You had mentioned that your mother is a psychiatrist. Do you find that the desire for plastic surgery in physically able individuals masks deeper personal issues; wouldn’t a trip to your mother’s office better serve your clientele? Where do you draw the line?
There are two ways to look at plastic surgery. Firstly, people are looking to enhance what they already have for a psychological boost. Secondly, there’s the reconstruction aspect. One breast may be bigger than the other, may hang more than the other and no amount of counseling can restore lack of confidence. Every time this woman looks in the mirror, puts on clothes, wakes up in the morning, she is self-conscious. Obviously there are people who go overboard, who become addicted to the surgery high, but those are the individuals who, no matter how hard you try, are never going to adjust their expectations. Where do you draw the line, then? Do you have to?
What percentage of prospective clients do you turn away?
I would say around 10%. These clients generally have unmanageable expectations of surgery. They are not good surgery candidates.
I always get into a heated debate about this next topic—liposuction. I simply find it hard to believe that there are certain figures that are absolutely unalterable. I am a firm believer in diet and exercise as a lifestyle choice. If you only try to lose weight at the gym for one month and then, literally, throw in the towel in favor of lipo, aren’t you just taking the easy way out?
There’s no doubt that healthy diet and exercise go a long way, but it’s true that the area from your bellybutton to your pubic region contains body fat that cannot be exercised away. You hear of the saddlebags, the love handles, and the saggy upper arms. We can fix that. People looking for lipo can come in for 2 hours and leave with minimal, if any, downtime. We book them on Friday and they’re back to work on Monday. Of course, there are extremes. I have Wall Street guys come in the morning to take care of their beer bellies and they’re back on the trading floor before the market closes.
All of these medical and technological advances serve to project a “quick fix” image to minor body image issues. You mentioned that you are constantly reminding clients of the surgical aspect of what you do—it’s not an in and out massage. For example, Botox parties—misnomer?
The primary goal of consultation is to educate a prospective client. Some people want every single wrinkle gone, and that’s generally when I pull out “the book.”

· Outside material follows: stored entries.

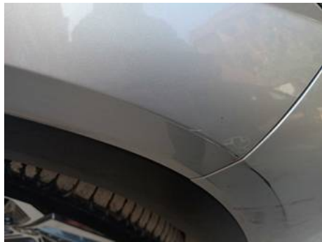
Aile avant droite (Rayure)
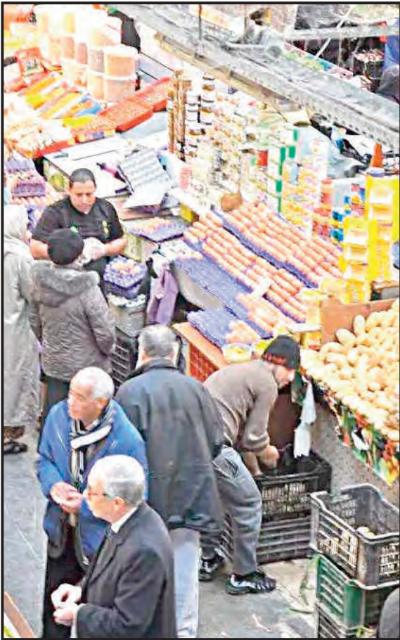
زيارة روايال تكشف مكامن الخلل المتفعل من اليمين المتطرف الفرنسي
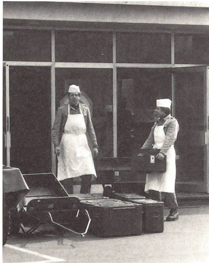
Die sichtbar gute Laune der Küchenmannschaft der III. Kompanie schlägt sich auch aufs Essen nieder. Die Kommentare der Truppe: durchwegs erstklassig.

Das Mittagessen ist für alle die willkommene Erholungspause. Natürlich ist gerade bei der kalten und nassen Winterwitterung eine reichhaltige und schmackhafte Mahlzeit für die Moral und Gesundheit von grosser Wichtigkeit. Und

At this juncture, Dr. Shafer pulled out a rather large look-book of celebrity faces before
photo retouching, au naturel if you will. I found, to my dismay, that Angelina Jolie still looks stunning, even without makeup and airbrushing. Though Dr. Shafer pointed out to me Jolie’s aesthetic infractions (“See? You want to look like Angelina? Well, that and that were probably air-brushed out”), I remained, as the photograph, untouched.
“Regarding ‘Botox parties,’” Shafer continued, “when people are drinking and having fun, they are toeing a fine line between informed consent and impulsive decision. People are also beginning to go their local salon for injections; distributors can sell to anyone, so you have to be careful that you are getting injected by a professional and not an OBGYN who has never been in an operating room and bought the product wholesale.”
Tell me more about Botox. What other shortcuts to the fountain of youth are available in a syringe?
Dr. Shafer opens the refrigerator and, among an assortment of sliced bread and what appears to be yogurt, a tiny box adorns the minimally decorated shelf. He pulls out a bottle whose bottom is peppered with a discernable white powder—Botulinum.
See here? Botox is a powder that, when mixed with a saline solution, can be injected directly into the face. It’s good stuff. We also provide collagen, fat and hydroxyl apetite injections. Hydroxyl is the stuff that your bones are made of. We turn it into a paste and inject it as an implant, to redefine the jaw line, increase cheekbone prominence, etc. All of these procedures are non-invasive and all have been developed within the last 10 years.
In the Hippocratic Oath, the practitioner is called to swear that he or she will work to “preserve the purity of my life and my arts.” How would you interpret this selection; in effect, do you choose when to operate based on a personal understanding of morality and aesthetics?
You have to have an aesthetic sense to be in this line of work. People place a lot of trust in you and, quite frankly, you don’t want to mess them up. About 2-3 people per month come in to fix something they had done, cheaply, abroad. I want my clients to look natural, to walk down 5th avenue and be complimented on how great they look. I never want my clients to be asked the question, “What did you have done?” When a client comes to me, I sit them in front of the mirror and ask, “Tell me what you don’t like about yourself.”
(Ed note: Dr. Shafer has never seen “Nip/Tuck.” Worried for a moment that Hollywood had infiltrated the pristine Manhattan office, I asked where he had gotten the line. “I have never seen the show,” he replied, with a puzzled look. Confidence restored.)
“I will never recommend surgery unless the client has a clear understanding of what they want to change; “I don’t like my stomach,” or ‘I can’t stand my thighs.’ I will never answer the question, ‘Do you think I need surgery?’ Of course I won’t.”